In December, the SEC adopted a regulation requiring fund providers to develop comprehensive compliance policies. These policies, which must be in place by Oct. 5, would require registered investment advisers to appoint a chief compliance officer, enforce policies and procedures to prevent and detect violations of applicable securities law, and evaluate their investment programs annually.
Mr. Little-Gill of TowerGroup said smaller banks and fund companies may not be driven out by the costs of new regulations but rather by the reputational risk.
"If I am small firm and mutual funds are 10% of my business, you have to look at the reputational risk of selling funds," he said. "Firms have to stop at some point and say, 'This is just too scary. If this 10% goes down the tube I run the risk of losing the other 90% of my business.' That could drive people out of the business."
Mr. McPherson of Financial Research Corp. said cost has been an issue for small and midsize fund managers for a long time. The regulations may level the playing field, though, he said.
"In an environment like what we had three years ago, some smaller companies couldn't compete on price, but they can always compete on performance," he said. "As firms can no longer create breaks with brokerage companies and can't reduce fees based on volume, the emphasis is on performance, and that is beneficial for smaller companies."
The reforms may not lead to a complete upheaval in the mutual fund industry, Mr.
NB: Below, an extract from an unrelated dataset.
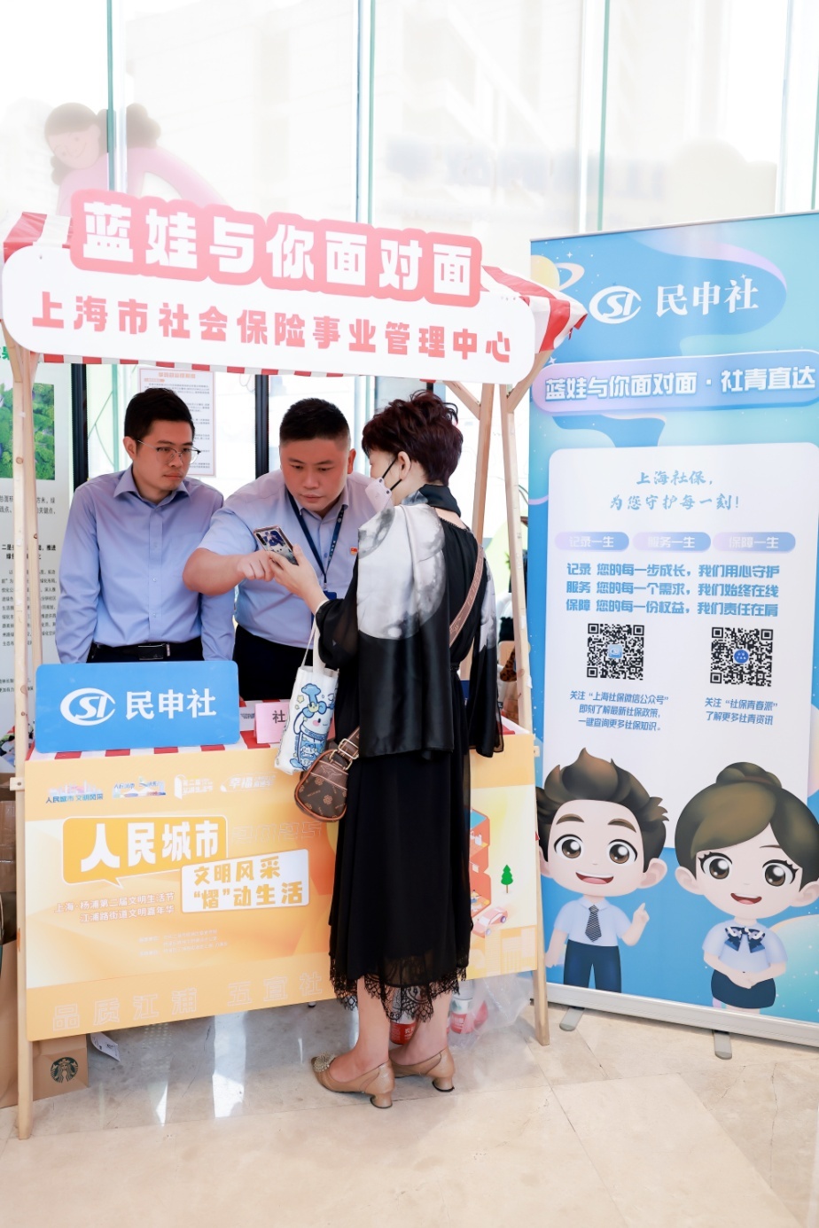 据了解,上海市社保中心以打造“民申社”经办服务品牌为引领,通过开展“蓝娃与你面对面”主题宣传活动,助力更多的市民群众在家门口享受到“便捷、透明、亲和”的社保服务,让文明服务浸润城市的每一个角落。

McPherson said, but executives should be prepared for "semi-major" changes in the next three years. "There is going to be a financial impact that will impact fund companies' profit margins," he said, "and that is going to affect who will stay in this business and to what extent."
Companies will merge some funds, liquidate others, and look to subadvisers to manage portions of their business, Mr. McPherson said.
"It will be hard for every fund company to have the fund for every person," he said. "The money just isn't pouring in anymore. We have managed accounts, exchange-traded funds, and multiproduct platforms. Everyone is aiming for the same customer, and running mutual funds is becoming more costly. Everyone needs to change their approach."
Large companies like Bank of New York Co. have improved the transparency of their fund operations in response to regulatory pressures. On Wednesday, Bank of New York enhanced its commission management portal to improve reporting transparency.